EXERCISE DIRECTIONS:
Leave every picture out and print exactly the lines that run from the one containing "Silver-tone ‘D-MATHILDE’ maxi" to the end of the listing.

(THE RECORDS)

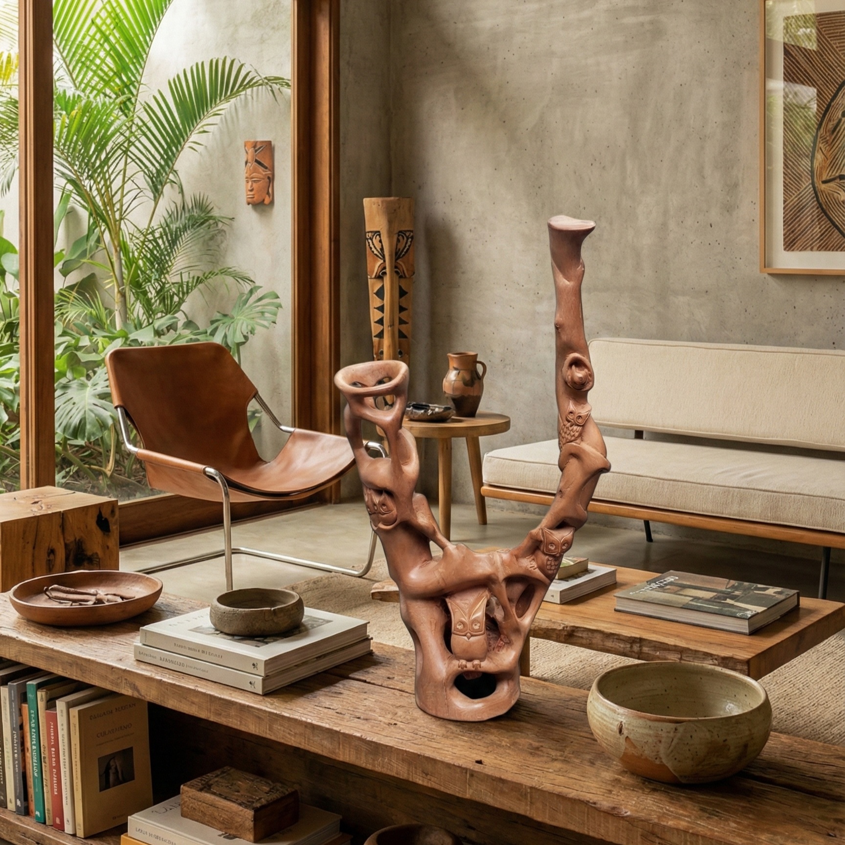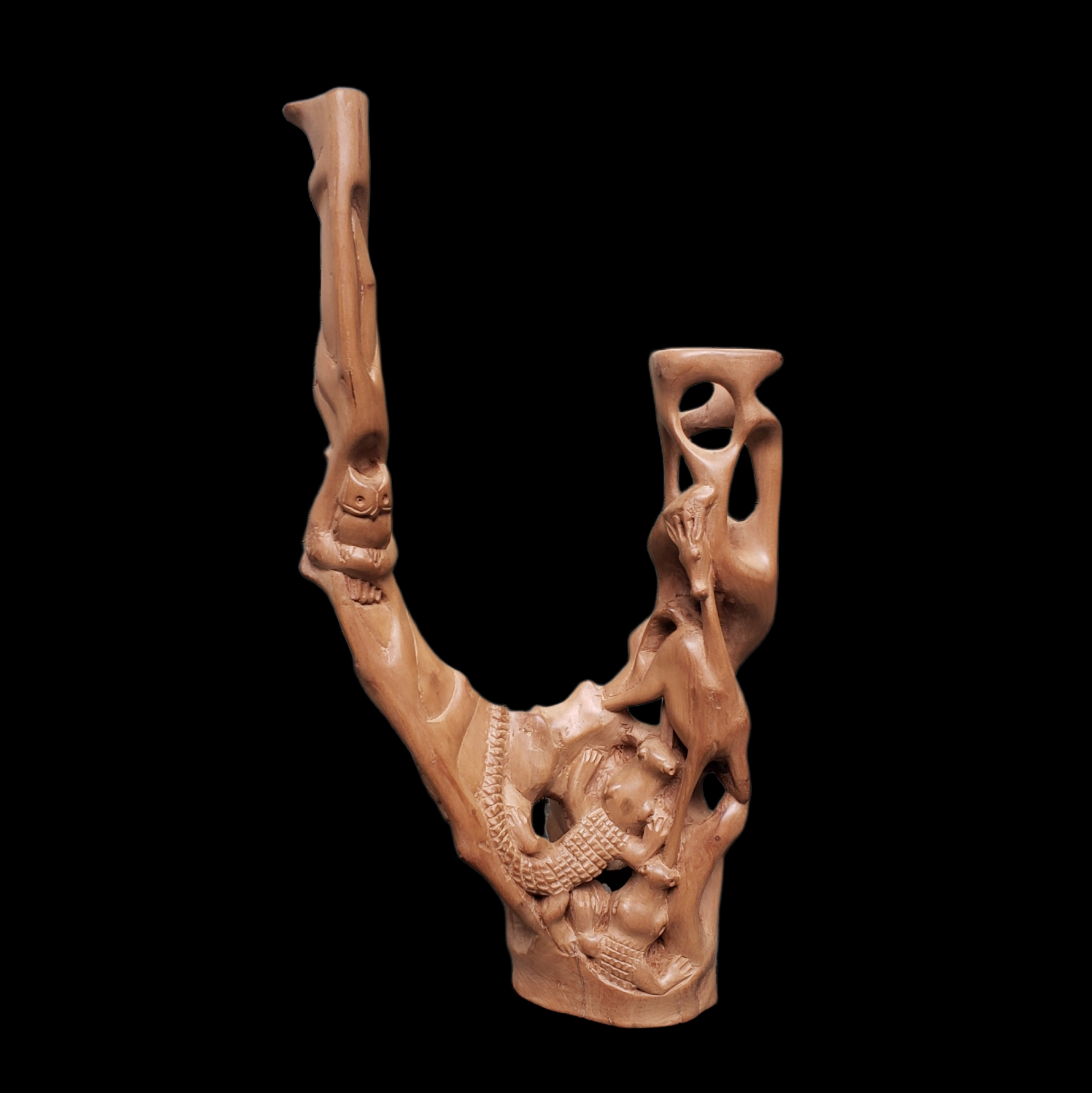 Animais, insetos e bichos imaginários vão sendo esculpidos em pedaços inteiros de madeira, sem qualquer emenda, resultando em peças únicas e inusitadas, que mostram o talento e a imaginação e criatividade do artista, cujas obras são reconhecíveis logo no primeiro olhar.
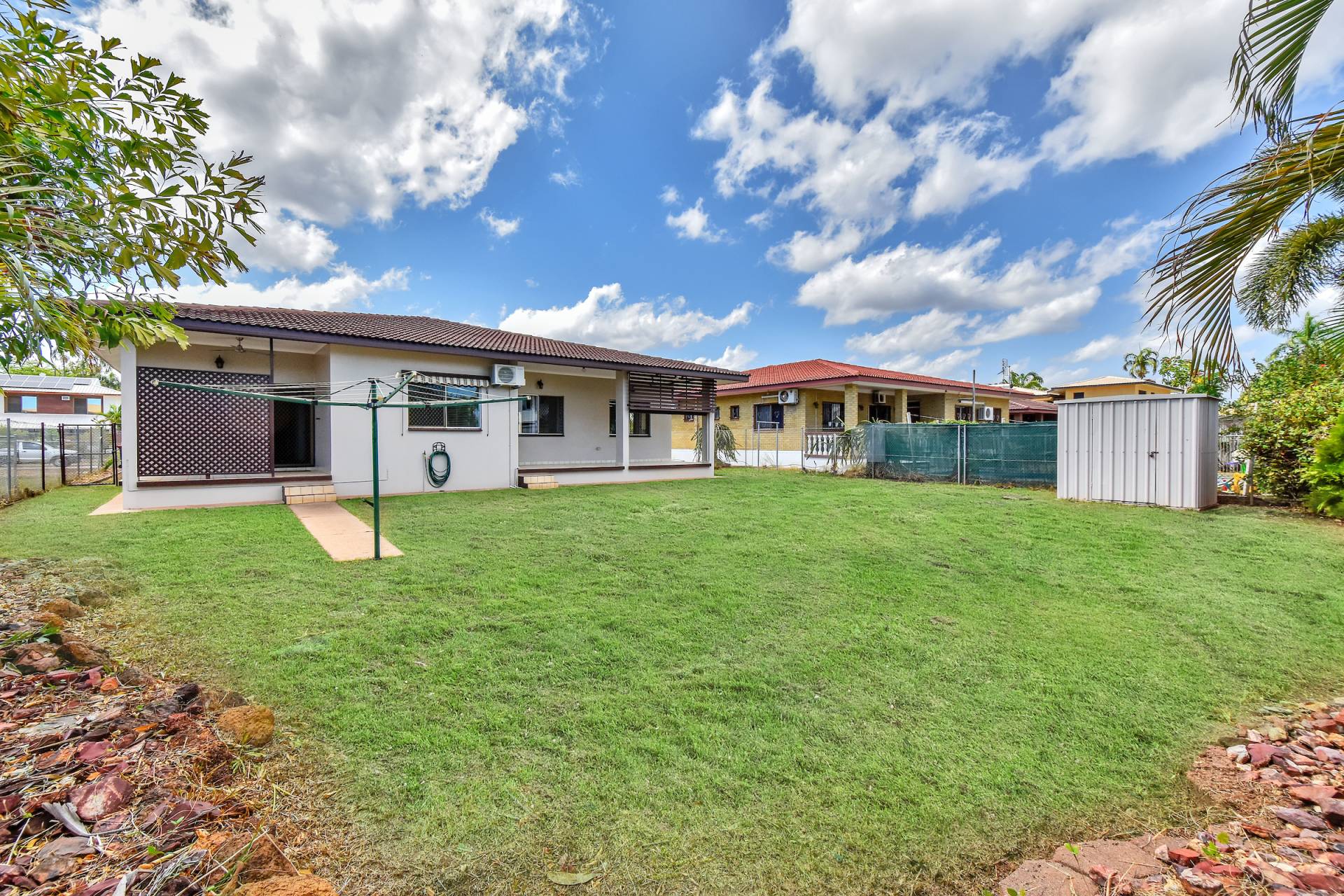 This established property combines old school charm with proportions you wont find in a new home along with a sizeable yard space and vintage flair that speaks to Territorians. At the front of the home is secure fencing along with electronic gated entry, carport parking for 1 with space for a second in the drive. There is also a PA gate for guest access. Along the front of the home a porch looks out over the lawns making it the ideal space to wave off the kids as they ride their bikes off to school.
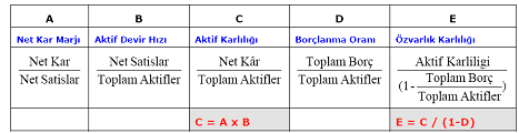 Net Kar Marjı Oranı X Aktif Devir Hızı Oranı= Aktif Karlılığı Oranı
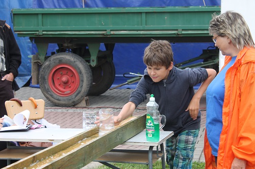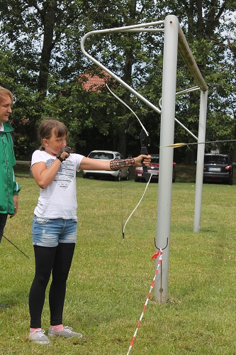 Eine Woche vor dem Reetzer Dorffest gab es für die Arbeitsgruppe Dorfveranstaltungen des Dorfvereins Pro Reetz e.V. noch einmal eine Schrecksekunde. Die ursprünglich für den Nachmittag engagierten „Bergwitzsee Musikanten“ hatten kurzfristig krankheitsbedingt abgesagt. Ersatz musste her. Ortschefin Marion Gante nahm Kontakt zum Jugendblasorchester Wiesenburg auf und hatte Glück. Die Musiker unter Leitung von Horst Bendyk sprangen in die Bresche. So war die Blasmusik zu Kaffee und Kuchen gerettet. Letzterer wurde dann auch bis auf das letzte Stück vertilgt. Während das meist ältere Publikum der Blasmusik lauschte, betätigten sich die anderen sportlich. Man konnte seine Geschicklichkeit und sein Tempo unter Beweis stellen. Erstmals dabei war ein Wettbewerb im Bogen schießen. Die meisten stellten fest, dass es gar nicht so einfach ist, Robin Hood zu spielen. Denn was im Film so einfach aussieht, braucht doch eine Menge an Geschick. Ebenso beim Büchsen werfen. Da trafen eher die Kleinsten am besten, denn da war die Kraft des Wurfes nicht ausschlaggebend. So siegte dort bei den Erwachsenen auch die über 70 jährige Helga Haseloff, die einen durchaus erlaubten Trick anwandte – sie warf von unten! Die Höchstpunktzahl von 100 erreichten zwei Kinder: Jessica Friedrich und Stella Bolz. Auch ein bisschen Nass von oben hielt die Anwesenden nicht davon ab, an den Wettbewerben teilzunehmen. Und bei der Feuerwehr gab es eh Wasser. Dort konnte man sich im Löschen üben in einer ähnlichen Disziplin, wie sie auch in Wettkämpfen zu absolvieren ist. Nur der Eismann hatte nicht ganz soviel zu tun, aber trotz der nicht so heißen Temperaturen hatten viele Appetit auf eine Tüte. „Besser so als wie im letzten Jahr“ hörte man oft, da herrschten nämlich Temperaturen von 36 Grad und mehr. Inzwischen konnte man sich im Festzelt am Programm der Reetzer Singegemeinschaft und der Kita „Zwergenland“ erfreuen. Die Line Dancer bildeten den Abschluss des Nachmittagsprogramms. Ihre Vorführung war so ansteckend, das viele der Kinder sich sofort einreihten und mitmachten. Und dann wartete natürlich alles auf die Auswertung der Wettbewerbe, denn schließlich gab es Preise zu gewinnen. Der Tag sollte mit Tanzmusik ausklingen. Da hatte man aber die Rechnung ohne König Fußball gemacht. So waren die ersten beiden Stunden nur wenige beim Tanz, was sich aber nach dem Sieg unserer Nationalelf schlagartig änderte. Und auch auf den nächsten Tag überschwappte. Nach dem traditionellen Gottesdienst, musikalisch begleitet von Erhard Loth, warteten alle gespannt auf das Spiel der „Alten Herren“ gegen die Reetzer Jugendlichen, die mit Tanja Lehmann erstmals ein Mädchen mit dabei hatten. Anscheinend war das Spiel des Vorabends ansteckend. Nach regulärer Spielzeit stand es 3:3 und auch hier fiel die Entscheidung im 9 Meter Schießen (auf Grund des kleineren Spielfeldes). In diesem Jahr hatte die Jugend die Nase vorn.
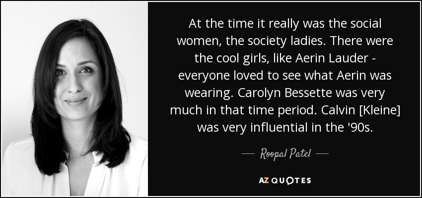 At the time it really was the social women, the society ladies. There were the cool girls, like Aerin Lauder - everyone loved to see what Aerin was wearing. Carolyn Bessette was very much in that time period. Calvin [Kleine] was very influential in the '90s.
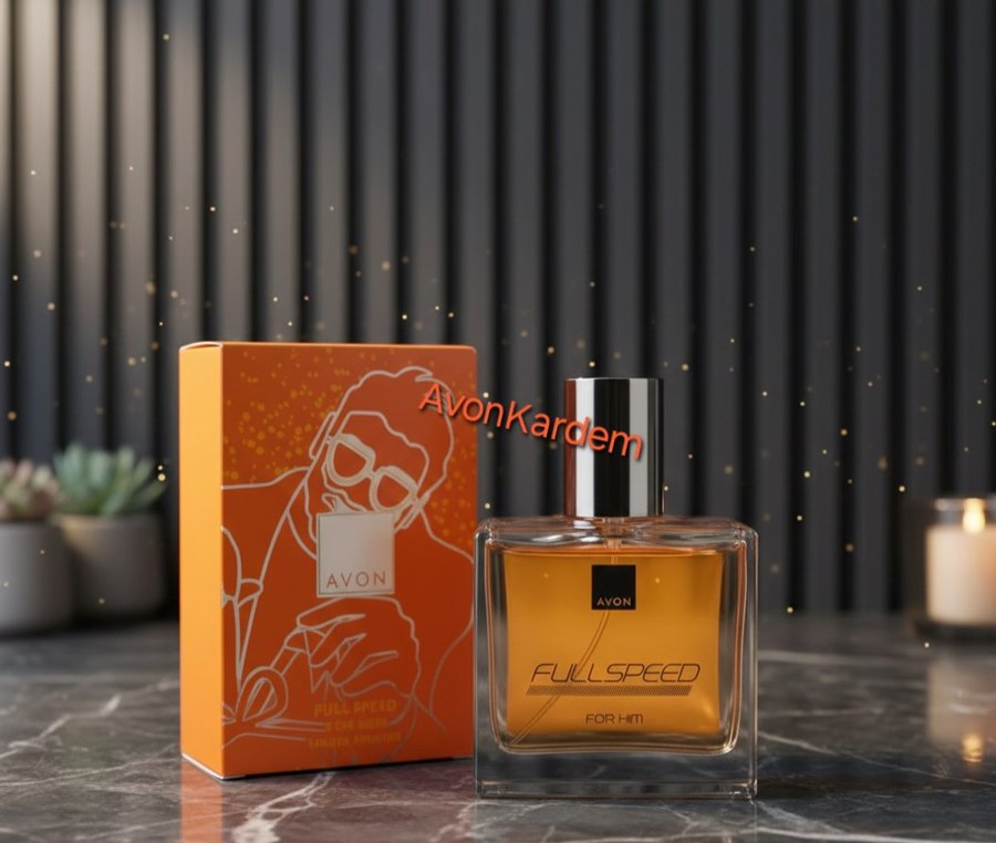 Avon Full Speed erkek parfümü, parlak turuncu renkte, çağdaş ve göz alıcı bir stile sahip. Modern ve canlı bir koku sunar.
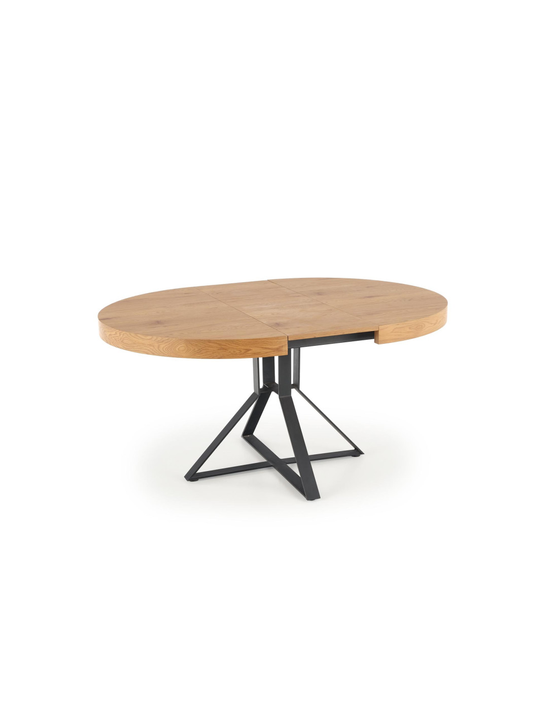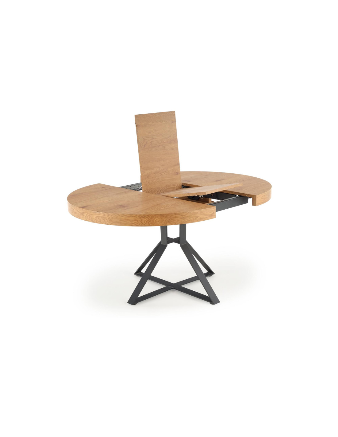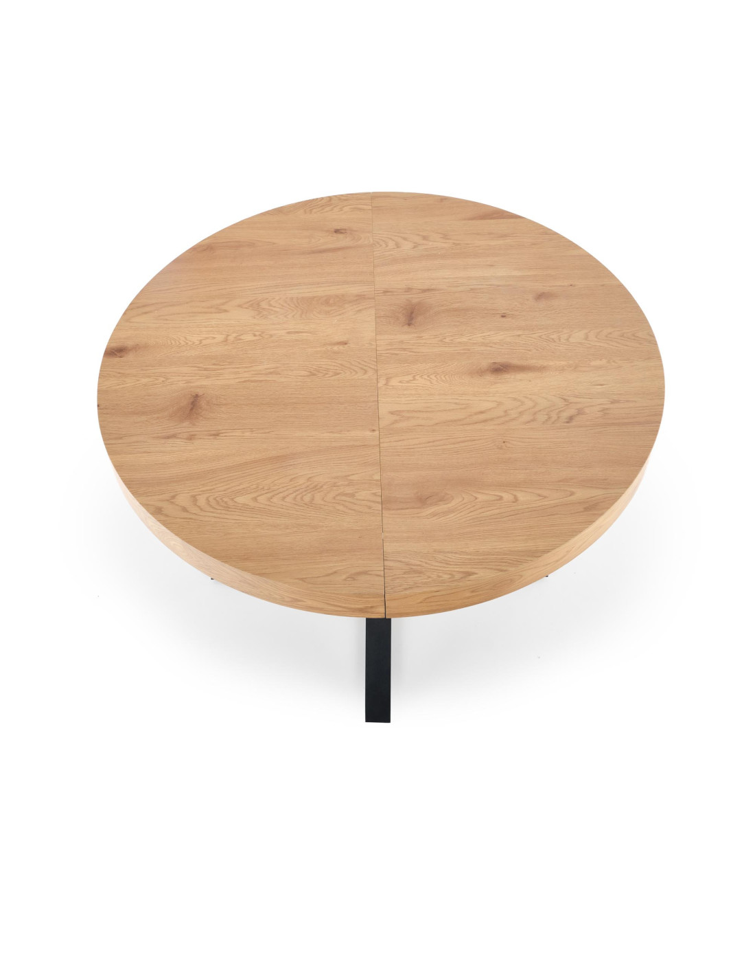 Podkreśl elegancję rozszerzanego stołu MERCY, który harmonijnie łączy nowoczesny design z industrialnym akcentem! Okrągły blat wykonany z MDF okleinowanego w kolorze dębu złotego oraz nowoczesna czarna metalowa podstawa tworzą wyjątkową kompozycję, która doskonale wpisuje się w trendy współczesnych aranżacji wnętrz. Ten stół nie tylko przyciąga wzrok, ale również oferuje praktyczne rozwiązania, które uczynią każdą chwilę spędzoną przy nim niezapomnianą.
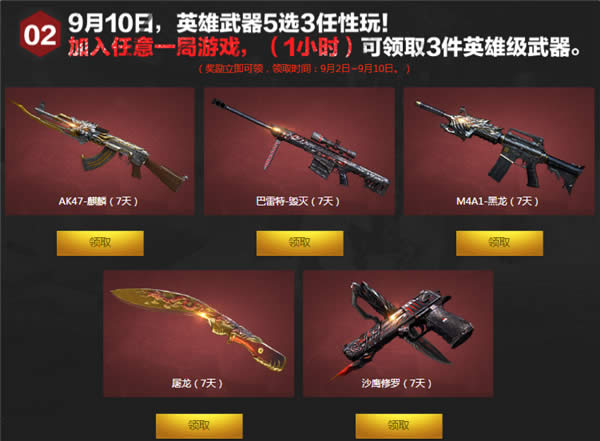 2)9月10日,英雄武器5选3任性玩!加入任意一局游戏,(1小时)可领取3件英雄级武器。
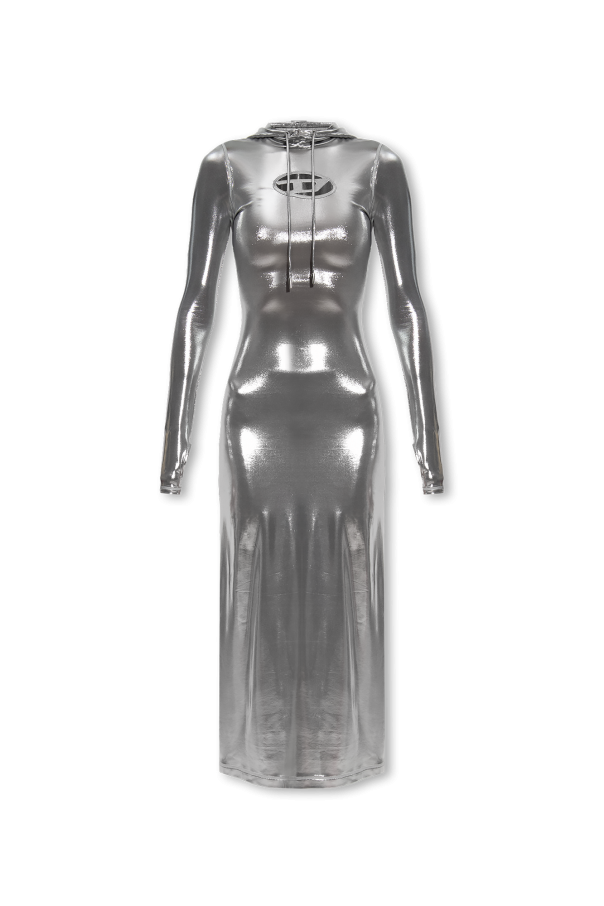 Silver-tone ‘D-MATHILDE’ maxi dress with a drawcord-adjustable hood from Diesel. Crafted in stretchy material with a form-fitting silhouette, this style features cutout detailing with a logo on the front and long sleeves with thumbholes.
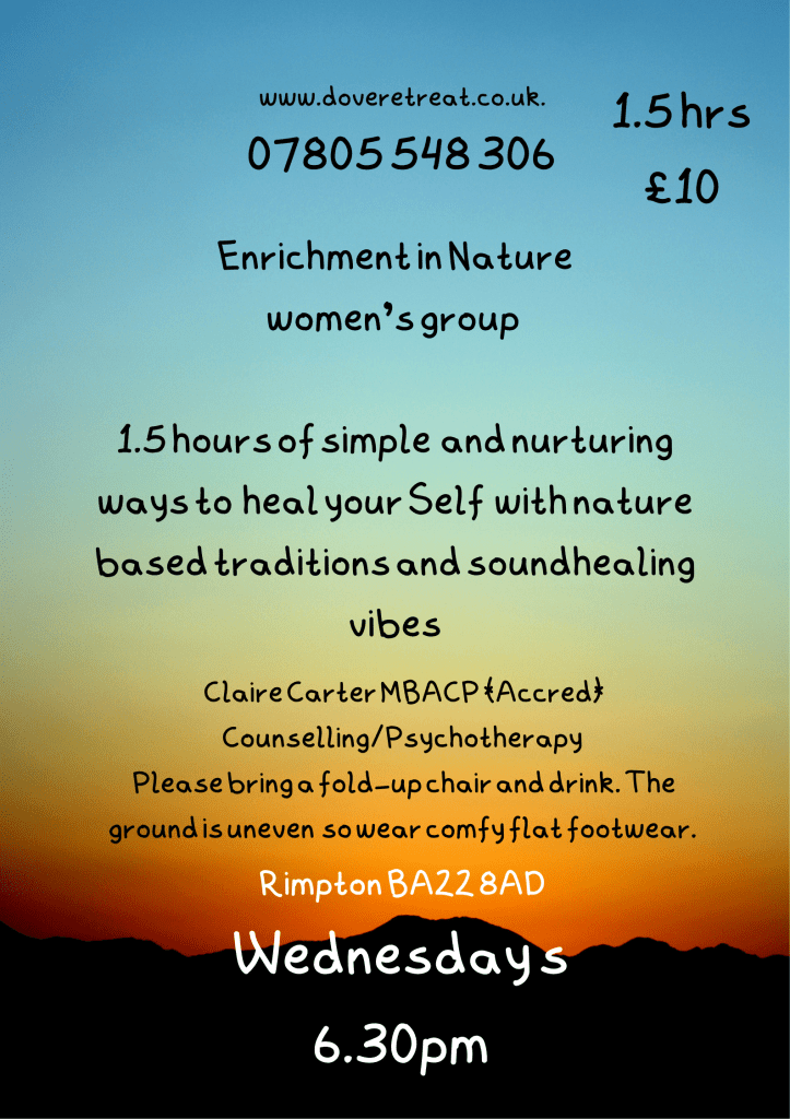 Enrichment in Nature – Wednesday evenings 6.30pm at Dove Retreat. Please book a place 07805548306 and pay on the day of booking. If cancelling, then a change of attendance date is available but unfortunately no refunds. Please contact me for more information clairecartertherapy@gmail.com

(End THE RECORDS)

RESPONSE TO THIS TASK:
 Silver-tone ‘D-MATHILDE’ maxi dress with a drawcord-adjustable hood from Diesel. Crafted in stretchy material with a form-fitting silhouette, this style features cutout detailing with a logo on the front and long sleeves with thumbholes.
 Enrichment in Nature – Wednesday evenings 6.30pm at Dove Retreat. Please book a place 07805548306 and pay on the day of booking. If cancelling, then a change of attendance date is available but unfortunately no refunds. Please contact me for more information clairecartertherapy@gmail.com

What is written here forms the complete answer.